S
Soldier
Guest
Thank you so much Jacek
Hi, Kalila,
I am about to build my house, and am interested in contacting your scource. Can you post it please?
OK....
High uv factor, sound proof and argon filed glass. Total cost 3,800.00.
I contacted a courier who delivers to Poland but usually comes back with only a few parcels. My windows are being collected from the factory and delivered to my door in a boxed truck, for 800 euro.
Job done.
Donnachain, I just had my windows fitted from Austria. They are fantastic quality and half the price of some manufacturers in Ireland. Check out http://www.homepro.at/. Andreas is the contact there and he is in Ireland quite regularly and will discuss options with you. He is super efficient as are they guys who come to fit them. If you have any problems they fix them straight away no questions asked. Couldnt recommend them enough. I mentioned them on this site before but only had the windows fitted recently and am even more impressesd.
uPVC has a life of 10 to 15 years then starts to deteriorate the only way to get it back to complete insulation efficiency and colour is to take it out and replace it completely.
Sorry I should have said uPVC lasts forever but the seals, hinges, handles sliding mechanisms won't if it was wood you'd be able to just replace the bits but not with uPVC.
I have 2 uPVC windows in my flat they are about 15 years old the seals have deteriorated, I have hunted the length of Ireland trying to find new seals for them the only answer I've been given by window people is you've got to replace the windows entirely, apparently seal design has changed over time, i.e. new ones won't fit.

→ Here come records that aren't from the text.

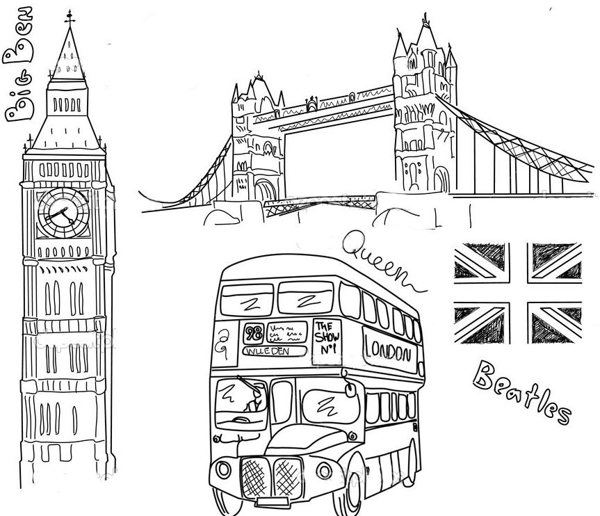set von london, großbritannien und britischer kultur kritzeleien, cartoon-cliparts — drawing of the great britain flag stock-grafiken, -clipart, -cartoons und -symbole mit bussen und taxis — рисунок флага великобритании сток-график, -клипарт, -мультфильмы и -символLondon und Großbritannien nahtloses Muster mit Bussen und Taxis
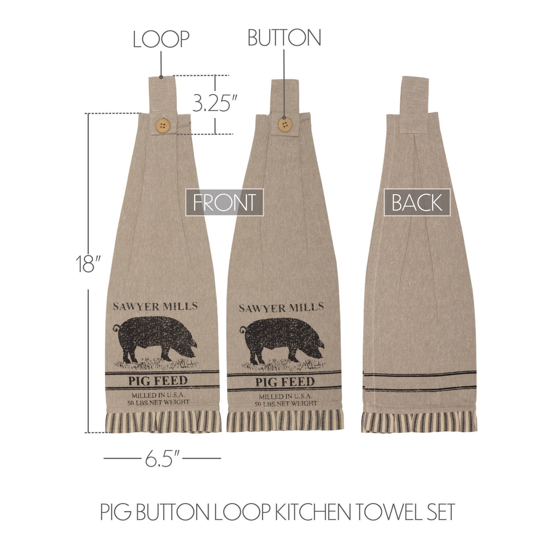 Sawyer Mill Charcoal Pig Button Loop Tea Towel Set of 2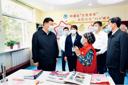 2020年6月8日至10日,中共中央总书记、国家主席、中央军委主席习近平在宁夏考察。这是6月8日下午,习近平在吴忠市利通区金花园社区党群活动服务中心,同社区志愿者代表亲切交谈。 新华社记者 鞠鹏/摄

If you put a new piece of white uPVC beside your old white uPVC windows you'll see the difference between them easily. If you don't want tatty, yellowish looking frames you'll have to put new windows in because you can't paint uPVC and if you could that would defeat the whole purpose of having them in and would the first place.

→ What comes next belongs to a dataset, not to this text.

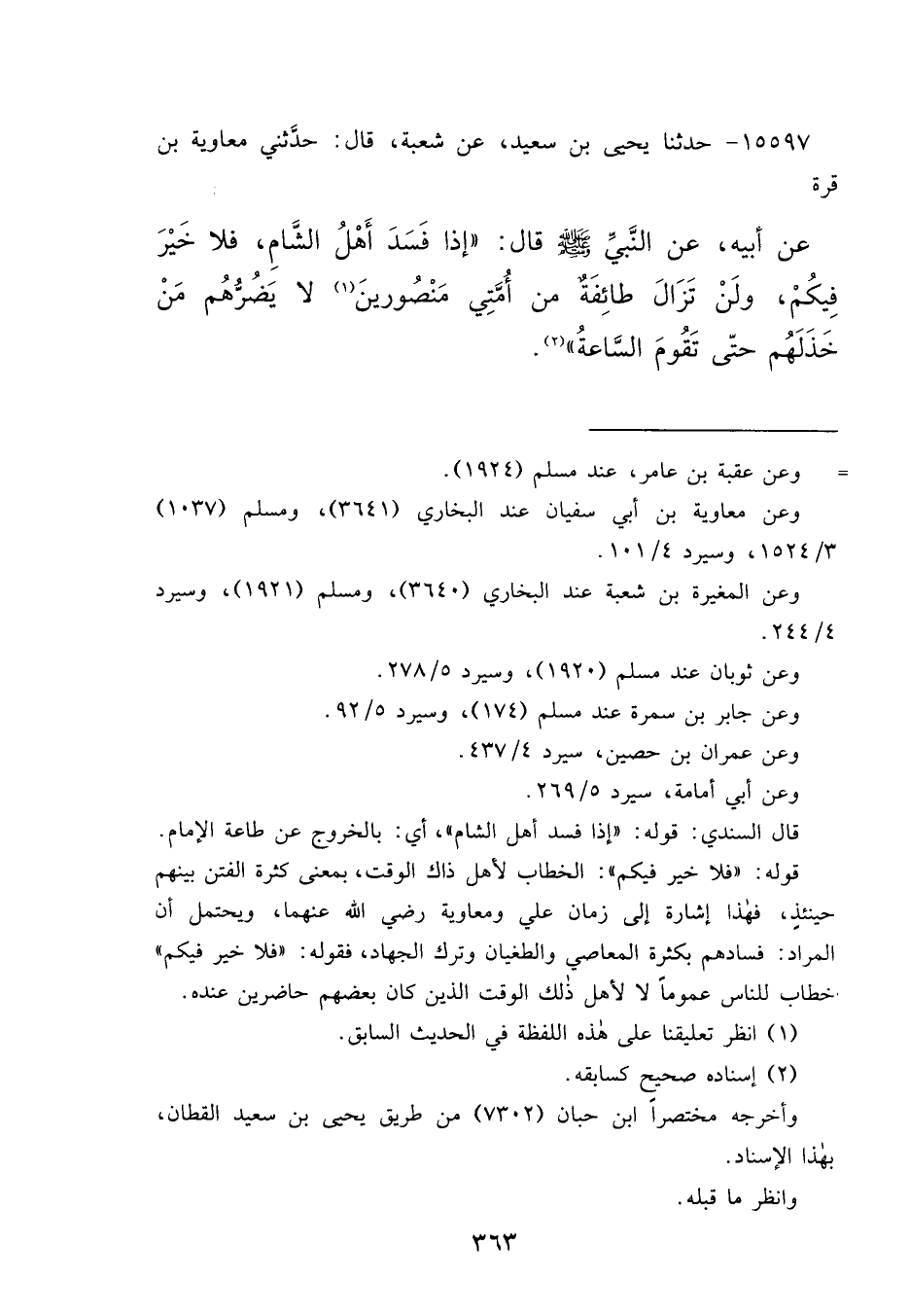 ١٥٥٩٧ - حَدَّثَنَا يَحْيَى بْنُ سَعِيدٍ، عَنْ شُعْبَةَ، قَالَ: حَدَّثَنِي مُعَاوِيَةُ بْنُ قُرَّةَ، عَنْ أَبِيهِ، عَنِ النَّبِيِّ صَلَّى اللهُ عَلَيْهِ وَسَلَّمَ قَالَ: " إِذَا فَسَدَ أَهْلُ الشَّامِ فَلَا خَيْرَ فِيكُمْ، وَلَنْ تَزَالَ طَائِفَةٌ مِنْ أُمَّتِي مَنْصُورِينَ، (١) لَا يَضُرُّهُمْ مَنْ خَذَلَهُمْ حَتَّى تَقُومَ السَّاعَةُ " (٢)

As for the few problems that your in-laws are having with their uPVC windows I can guarantee those problems will escalate. Within a few years they'll be putting in new windows because problems with windows always keep coming, at least with wood you can fix them easily but you can't do anything with uPVC
.....except put new ones in....
Yours
I suggest you pull off your blinkers: your wooden windows also have hinges, seals and associated hardware - and probably from the same factory the uPVC guys use......if it fails on uPVC systems, it'll fail on your wooden one too.........the window frame has nothing to do with it.
And we already know that 10's of 1000's of houses in Ireland have pulled out their timber, and put in alternatives already. It's extremely unlikely they'll ever have to do it again.
If wood framed windows were such a success, neither uPVC nor Alu - would ever have got off the ground. They did so because wooden framed windows need maintenance - and lots of it. In this climate, with a lot of wind-driven rain, they need even more maintenance, and so long as you're happy with doing that, that's fine, but don't try and kid anyone that it's necessarily better.
And we already know that 10's of 1000's of houses in Ireland have pulled out their timber, and put in alternatives already. It's extremely unlikely they'll ever have to do it again.
Some of the very first windows produced in Germany in the 50's are still in use.
You can't have it both ways either they last or they don't.
Regarding the oil situation your arguement is flawed if you don't have oil then you can't make uPVC windows so timber is the next oblivious choice since we can grow it here.
I read some of your previous posts on different threads and I see you are in the building game making houses of sorts.
I'd just bet you mainly use uPVC windows.
Computerman the point I try to make in this thread is that we should not be using uPVC even using aluminium is better that uPVC, but wood for preference
Galwaytt is quite correct I do have a vested interest, I don't want to leave our future generations with a toxic legacy.
.........There was a time when homegrown timber was good enough for all the woodwork around the house and not just in the fire place.........Why can't we grow it again? ........
Galwaytt's......... I'm I get the impression he does pre-fab houses but this was only after a brief glance through his previous posts so I could be wrong and probably am. The only person who could put me wise to that would be Galwaytt themselves.